- [Working data]:
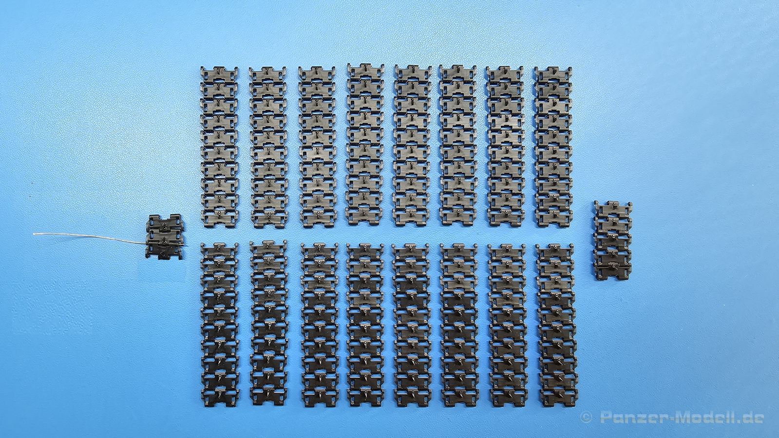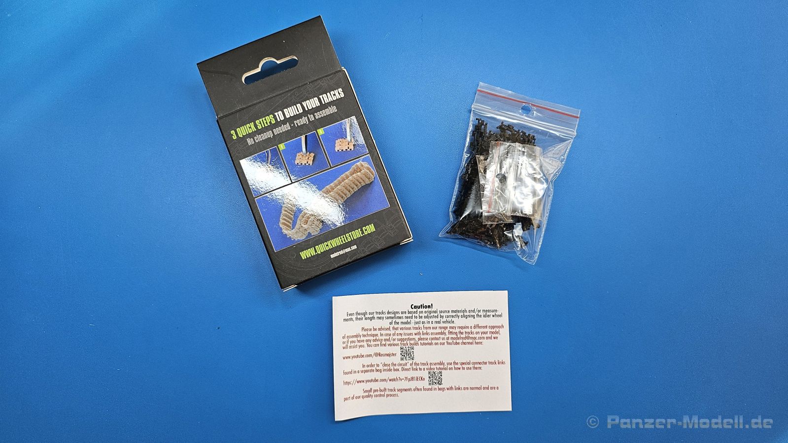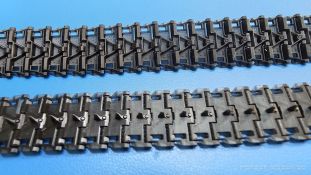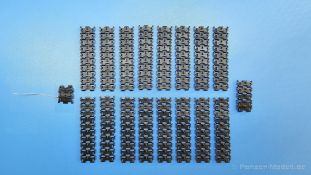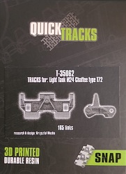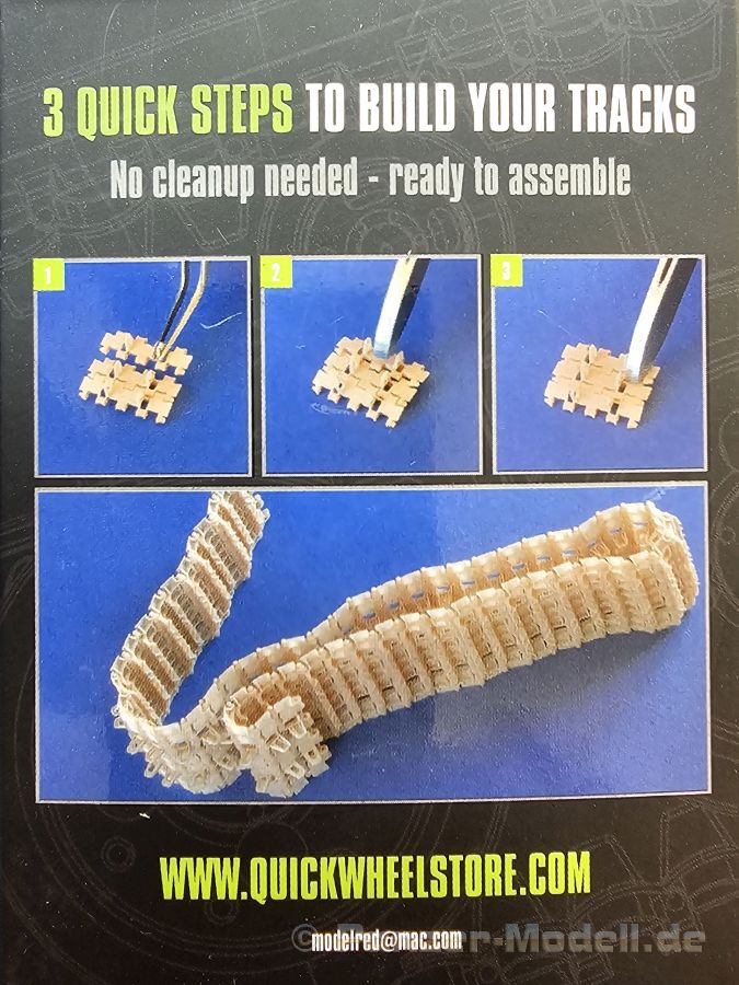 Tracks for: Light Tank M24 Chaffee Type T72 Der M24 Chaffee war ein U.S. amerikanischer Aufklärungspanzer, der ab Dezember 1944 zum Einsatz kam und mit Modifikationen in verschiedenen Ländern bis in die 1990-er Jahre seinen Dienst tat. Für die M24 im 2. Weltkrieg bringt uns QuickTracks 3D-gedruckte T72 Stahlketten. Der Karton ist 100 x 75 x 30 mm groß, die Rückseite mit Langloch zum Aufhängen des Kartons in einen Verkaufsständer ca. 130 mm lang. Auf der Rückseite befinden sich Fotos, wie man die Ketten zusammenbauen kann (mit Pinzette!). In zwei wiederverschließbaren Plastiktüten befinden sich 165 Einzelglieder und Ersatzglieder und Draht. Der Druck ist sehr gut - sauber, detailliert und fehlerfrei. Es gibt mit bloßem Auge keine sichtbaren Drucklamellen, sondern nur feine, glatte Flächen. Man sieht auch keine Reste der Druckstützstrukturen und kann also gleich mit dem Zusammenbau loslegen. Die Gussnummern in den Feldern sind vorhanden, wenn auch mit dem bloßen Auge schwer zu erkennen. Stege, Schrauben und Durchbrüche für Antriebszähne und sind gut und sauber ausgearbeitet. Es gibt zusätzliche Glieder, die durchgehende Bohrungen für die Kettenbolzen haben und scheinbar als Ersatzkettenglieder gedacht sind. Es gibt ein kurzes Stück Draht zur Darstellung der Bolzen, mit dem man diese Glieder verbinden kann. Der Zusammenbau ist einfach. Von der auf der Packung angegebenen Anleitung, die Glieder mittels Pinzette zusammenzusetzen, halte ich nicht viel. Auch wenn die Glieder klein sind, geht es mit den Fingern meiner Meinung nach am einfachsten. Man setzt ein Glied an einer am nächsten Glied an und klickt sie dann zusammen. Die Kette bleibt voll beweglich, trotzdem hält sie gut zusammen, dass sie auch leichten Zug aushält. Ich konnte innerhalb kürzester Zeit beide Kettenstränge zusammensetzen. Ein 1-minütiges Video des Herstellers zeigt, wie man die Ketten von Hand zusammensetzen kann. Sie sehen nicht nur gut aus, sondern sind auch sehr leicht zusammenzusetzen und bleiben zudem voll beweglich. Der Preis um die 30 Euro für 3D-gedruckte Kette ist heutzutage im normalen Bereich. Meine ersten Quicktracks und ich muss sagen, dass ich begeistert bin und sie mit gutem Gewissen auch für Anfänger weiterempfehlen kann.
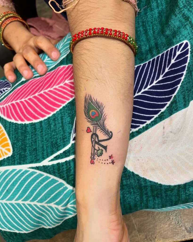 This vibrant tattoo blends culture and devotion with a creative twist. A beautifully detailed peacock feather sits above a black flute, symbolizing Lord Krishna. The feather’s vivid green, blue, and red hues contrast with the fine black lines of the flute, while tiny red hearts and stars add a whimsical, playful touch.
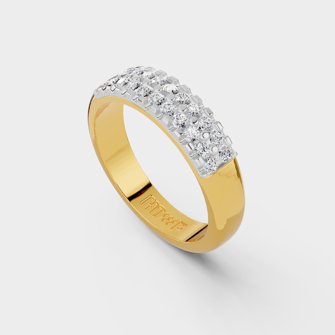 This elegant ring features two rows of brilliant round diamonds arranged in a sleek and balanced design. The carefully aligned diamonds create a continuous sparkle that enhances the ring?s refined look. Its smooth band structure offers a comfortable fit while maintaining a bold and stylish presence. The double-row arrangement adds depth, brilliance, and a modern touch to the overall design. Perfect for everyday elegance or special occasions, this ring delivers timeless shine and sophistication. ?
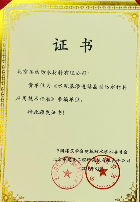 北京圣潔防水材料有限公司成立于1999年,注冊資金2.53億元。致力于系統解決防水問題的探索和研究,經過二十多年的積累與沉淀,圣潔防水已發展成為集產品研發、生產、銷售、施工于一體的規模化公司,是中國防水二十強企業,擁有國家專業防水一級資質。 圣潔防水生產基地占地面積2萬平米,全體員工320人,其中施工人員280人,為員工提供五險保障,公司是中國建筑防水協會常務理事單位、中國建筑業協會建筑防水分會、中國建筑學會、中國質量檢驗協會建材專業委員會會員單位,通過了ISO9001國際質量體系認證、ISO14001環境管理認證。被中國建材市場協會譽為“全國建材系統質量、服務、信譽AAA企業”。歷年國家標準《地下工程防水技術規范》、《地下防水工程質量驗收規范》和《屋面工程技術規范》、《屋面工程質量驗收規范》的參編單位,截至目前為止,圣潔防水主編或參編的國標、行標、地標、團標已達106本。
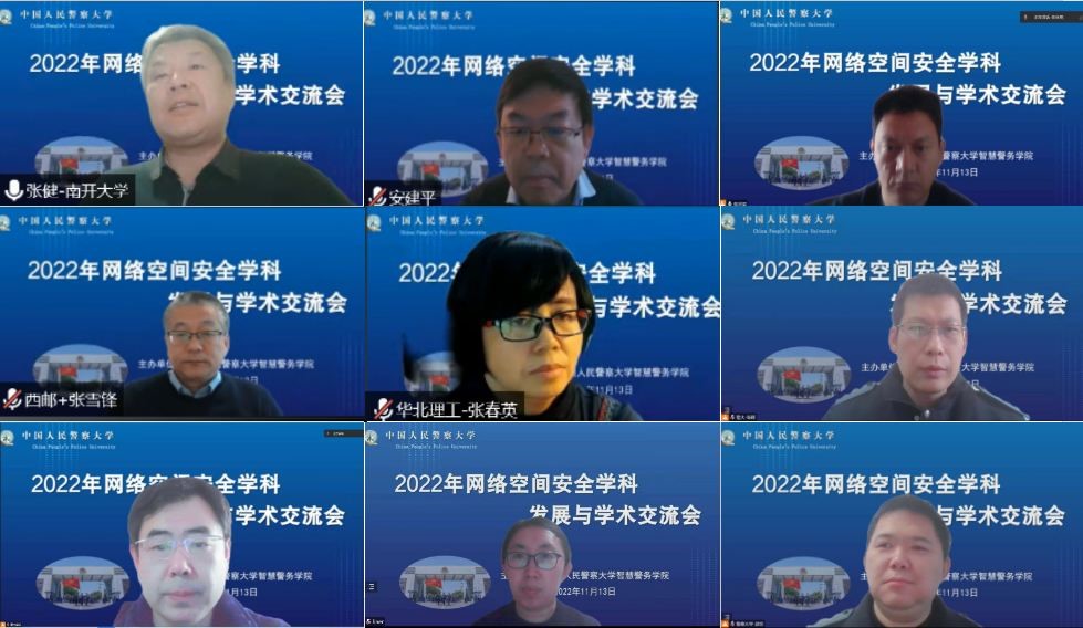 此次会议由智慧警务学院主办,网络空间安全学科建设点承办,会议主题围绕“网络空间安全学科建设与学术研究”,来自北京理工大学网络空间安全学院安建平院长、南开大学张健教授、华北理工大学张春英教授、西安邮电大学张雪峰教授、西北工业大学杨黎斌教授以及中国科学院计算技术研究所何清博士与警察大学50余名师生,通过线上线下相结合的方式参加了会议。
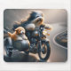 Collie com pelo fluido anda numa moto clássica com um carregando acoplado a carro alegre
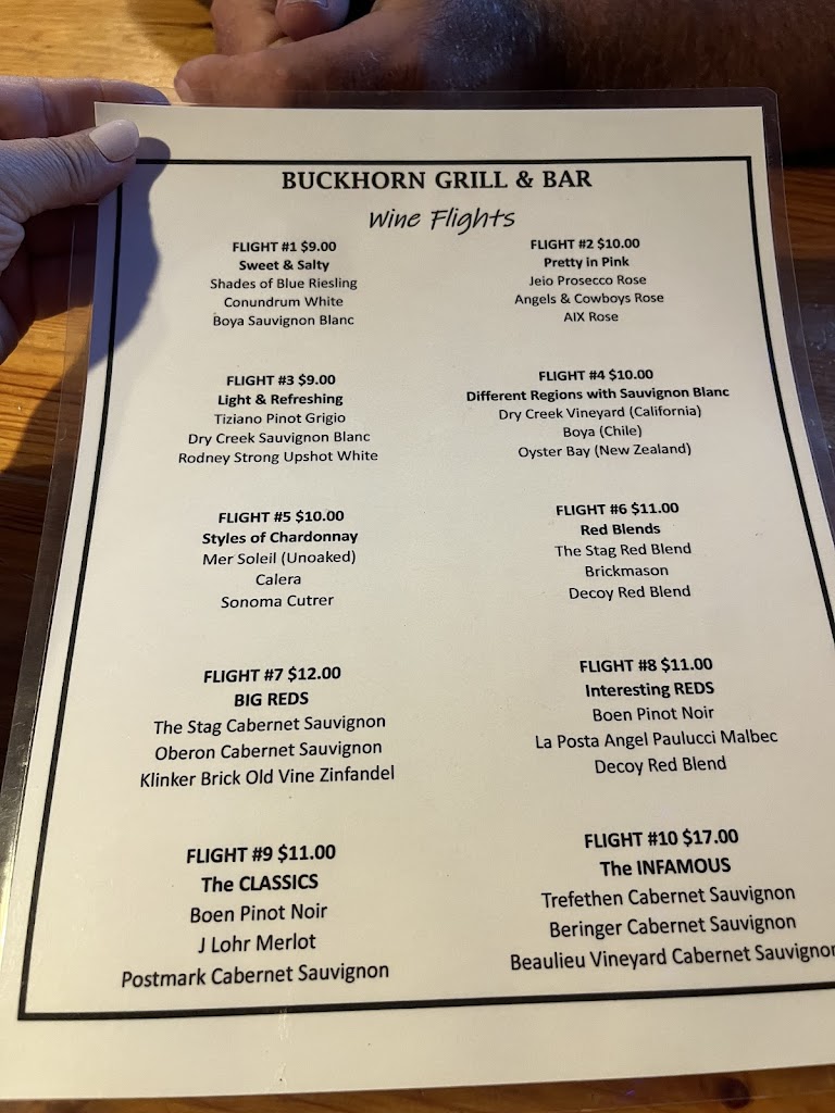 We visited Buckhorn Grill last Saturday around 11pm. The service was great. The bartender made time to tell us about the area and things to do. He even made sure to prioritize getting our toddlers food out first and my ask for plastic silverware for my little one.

- [Exercise description]: The records above are to be repeated word for word, with the pictures omitted.

- [Solution below]:
 Tracks for: Light Tank M24 Chaffee Type T72 Der M24 Chaffee war ein U.S. amerikanischer Aufklärungspanzer, der ab Dezember 1944 zum Einsatz kam und mit Modifikationen in verschiedenen Ländern bis in die 1990-er Jahre seinen Dienst tat. Für die M24 im 2. Weltkrieg bringt uns QuickTracks 3D-gedruckte T72 Stahlketten. Der Karton ist 100 x 75 x 30 mm groß, die Rückseite mit Langloch zum Aufhängen des Kartons in einen Verkaufsständer ca. 130 mm lang. Auf der Rückseite befinden sich Fotos, wie man die Ketten zusammenbauen kann (mit Pinzette!). In zwei wiederverschließbaren Plastiktüten befinden sich 165 Einzelglieder und Ersatzglieder und Draht. Der Druck ist sehr gut - sauber, detailliert und fehlerfrei. Es gibt mit bloßem Auge keine sichtbaren Drucklamellen, sondern nur feine, glatte Flächen. Man sieht auch keine Reste der Druckstützstrukturen und kann also gleich mit dem Zusammenbau loslegen. Die Gussnummern in den Feldern sind vorhanden, wenn auch mit dem bloßen Auge schwer zu erkennen. Stege, Schrauben und Durchbrüche für Antriebszähne und sind gut und sauber ausgearbeitet. Es gibt zusätzliche Glieder, die durchgehende Bohrungen für die Kettenbolzen haben und scheinbar als Ersatzkettenglieder gedacht sind. Es gibt ein kurzes Stück Draht zur Darstellung der Bolzen, mit dem man diese Glieder verbinden kann. Der Zusammenbau ist einfach. Von der auf der Packung angegebenen Anleitung, die Glieder mittels Pinzette zusammenzusetzen, halte ich nicht viel. Auch wenn die Glieder klein sind, geht es mit den Fingern meiner Meinung nach am einfachsten. Man setzt ein Glied an einer am nächsten Glied an und klickt sie dann zusammen. Die Kette bleibt voll beweglich, trotzdem hält sie gut zusammen, dass sie auch leichten Zug aushält. Ich konnte innerhalb kürzester Zeit beide Kettenstränge zusammensetzen. Ein 1-minütiges Video des Herstellers zeigt, wie man die Ketten von Hand zusammensetzen kann. Sie sehen nicht nur gut aus, sondern sind auch sehr leicht zusammenzusetzen und bleiben zudem voll beweglich. Der Preis um die 30 Euro für 3D-gedruckte Kette ist heutzutage im normalen Bereich. Meine ersten Quicktracks und ich muss sagen, dass ich begeistert bin und sie mit gutem Gewissen auch für Anfänger weiterempfehlen kann.
 This vibrant tattoo blends culture and devotion with a creative twist. A beautifully detailed peacock feather sits above a black flute, symbolizing Lord Krishna. The feather’s vivid green, blue, and red hues contrast with the fine black lines of the flute, while tiny red hearts and stars add a whimsical, playful touch.
 This elegant ring features two rows of brilliant round diamonds arranged in a sleek and balanced design. The carefully aligned diamonds create a continuous sparkle that enhances the ring?s refined look. Its smooth band structure offers a comfortable fit while maintaining a bold and stylish presence. The double-row arrangement adds depth, brilliance, and a modern touch to the overall design. Perfect for everyday elegance or special occasions, this ring delivers timeless shine and sophistication. ?
 北京圣潔防水材料有限公司成立于1999年,注冊資金2.53億元。致力于系統解決防水問題的探索和研究,經過二十多年的積累與沉淀,圣潔防水已發展成為集產品研發、生產、銷售、施工于一體的規模化公司,是中國防水二十強企業,擁有國家專業防水一級資質。 圣潔防水生產基地占地面積2萬平米,全體員工320人,其中施工人員280人,為員工提供五險保障,公司是中國建筑防水協會常務理事單位、中國建筑業協會建筑防水分會、中國建筑學會、中國質量檢驗協會建材專業委員會會員單位,通過了ISO9001國際質量體系認證、ISO14001環境管理認證。被中國建材市場協會譽為“全國建材系統質量、服務、信譽AAA企業”。歷年國家標準《地下工程防水技術規范》、《地下防水工程質量驗收規范》和《屋面工程技術規范》、《屋面工程質量驗收規范》的參編單位,截至目前為止,圣潔防水主編或參編的國標、行標、地標、團標已達106本。
 此次会议由智慧警务学院主办,网络空间安全学科建设点承办,会议主题围绕“网络空间安全学科建设与学术研究”,来自北京理工大学网络空间安全学院安建平院长、南开大学张健教授、华北理工大学张春英教授、西安邮电大学张雪峰教授、西北工业大学杨黎斌教授以及中国科学院计算技术研究所何清博士与警察大学50余名师生,通过线上线下相结合的方式参加了会议。
 Collie com pelo fluido anda numa moto clássica com um carregando acoplado a carro alegre
 We visited Buckhorn Grill last Saturday around 11pm. The service was great. The bartender made time to tell us about the area and things to do. He even made sure to prioritize getting our toddlers food out first and my ask for plastic silverware for my little one.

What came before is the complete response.